Yellow Squash Fritters

– 2 medium yellow squashes, grated

– 1 cup all-purpose flour

– 1 large egg

– 1/2 teaspoon baking powder

– 1/4 cup green onions, chopped

– 1/2 teaspoon garlic powder

– Salt and pepper to taste

– Oil for frying

– 1 cup plain Greek yogurt

– 1 teaspoon sriracha (or more, to taste)

– 1 tablespoon lemon juice

Stuffed Yellow Squash Boats

– 4 medium yellow squashes

– 1 cup cooked quinoa

– 1 bell pepper, finely chopped

– 1 small onion, diced

– 1 teaspoon cumin

– 1 teaspoon paprika

– Salt and pepper to taste

– 1/2 cup shredded cheese (cheddar or mozzarella)

– Olive oil

Yellow Squash and Corn Chowder

– 2 medium yellow squashes, diced

– 1 cup corn kernels (fresh or frozen)

– 1 small onion, chopped

– 2 cloves garlic, minced

– 4 cups vegetable broth

– 1 cup coconut milk

– 1 teaspoon thyme

– Salt and pepper to taste

– 2 tablespoons olive oil

Roasted Yellow Squash Medley

– 2 medium yellow squashes, sliced into half moons

– 1 zucchini, sliced

– 1 red bell pepper, chopped

– 1 tablespoon olive oil

– 1 teaspoon dried oregano

– 1 teaspoon dried thyme

– Salt and pepper to taste

– Fresh parsley for garnish

Step-by-Step Instructions

Yellow Squash Fritters

Step 1: Grate the yellow squashes into a bowl. Squeeze out extra moisture with a towel.
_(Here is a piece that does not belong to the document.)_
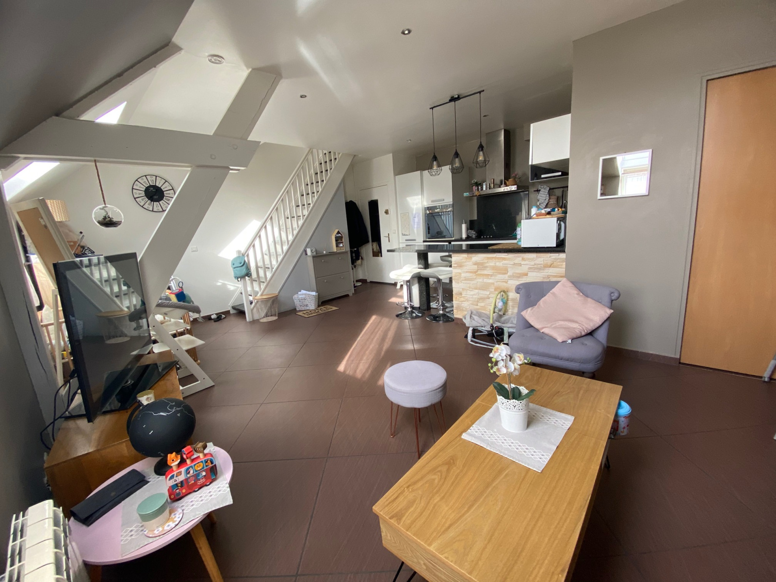 D'UNE ENTREE SUR SEJOUR TRES LUMINEUX DE 33 M2 (EXPO SUD) AVEC CUISINE OUVERTE, UNE SALLE D'EAU AVEC WC ET A L'ETAGE UN PALIER/BUREAU AVEC RANGEMENT DESSERT UNE CHAMBRE.

This step helps keep the fritters crisp.

Step 2: In a large bowl, mix grated squash, flour, egg, baking powder, green onions, garlic powder, salt, and pepper. Stir until you have a batter.
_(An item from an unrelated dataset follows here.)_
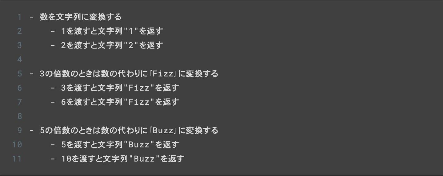 - ひとまずテストが通るよう実装してみる(仮実装)

Step 3: Heat oil in a frying pan over medium heat. Drop spoonfuls of batter into the pan. Fry for 3-4 minutes on each side until golden brown. For the yogurt sauce, mix Greek yogurt, sriracha, and lemon juice in a small bowl. Serve the fritters warm with the sauce on the side. [Full Recipe]
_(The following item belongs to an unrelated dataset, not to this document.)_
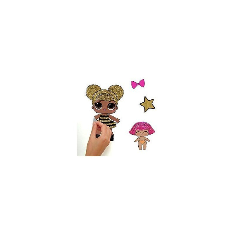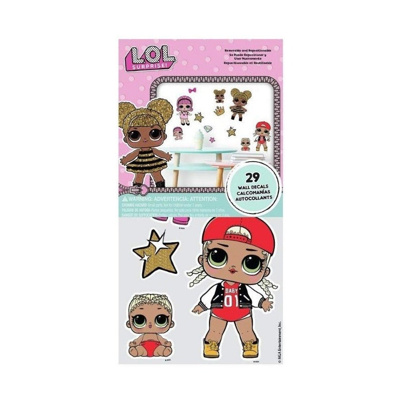 L.O.L. Surprise! Calcomanías de pared. Son autoadhesivas para una fácil colocación y se pueden despegar fácilmente. Con 29 calcomanías de estrellas y personajes para elegir, su hija se divertirá al decorar su habitación tal como les gusta.

Stuffed Yellow Squash Boats

Step 1: Preheat the oven to 375°F (190°C). Cut the yellow squashes in half lengthwise. Scoop out some flesh to make boats. Brush lightly with olive oil.

Step 2: In a skillet, heat olive oil over medium heat. Add diced onion and bell pepper. Sauté until soft, about 5-7 minutes.

Step 3: Stir in cooked quinoa, cumin, paprika, salt, and pepper. Fill each squash boat with this mixture. Top with shredded cheese. Bake for 25-30 minutes until the squash is tender and cheese is bubbly.

Yellow Squash and Corn Chowder

Step 1: In a large pot, heat olive oil over medium heat. Add chopped onion and minced garlic. Sauté for 2-3 minutes until fragrant.

Step 2: Add diced yellow squash and corn. Cook for about 5 minutes, stirring often.

Step 3: Pour in vegetable broth and coconut milk. Add thyme, salt, and pepper. Bring to a boil, then simmer for 15-20 minutes. Blend part of the soup if you prefer a creamier texture. Serve hot, garnished with herbs.

Roasted Yellow Squash Medley

Step 1: Preheat the oven to 400°F (200°C). Slice yellow squashes into half moons.

Step 2: In a large bowl, toss the squash with zucchini, red bell pepper, olive oil, oregano, thyme, salt, and pepper.

Step 3: Spread the mixture on a baking sheet. Roast for about 20-25 minutes until tender. Garnish with fresh parsley before serving.

Tips & Tricks

Tips for Yellow Squash Fritters

– Use a clean kitchen towel to squeeze out moisture. This step helps keep fritters crispy.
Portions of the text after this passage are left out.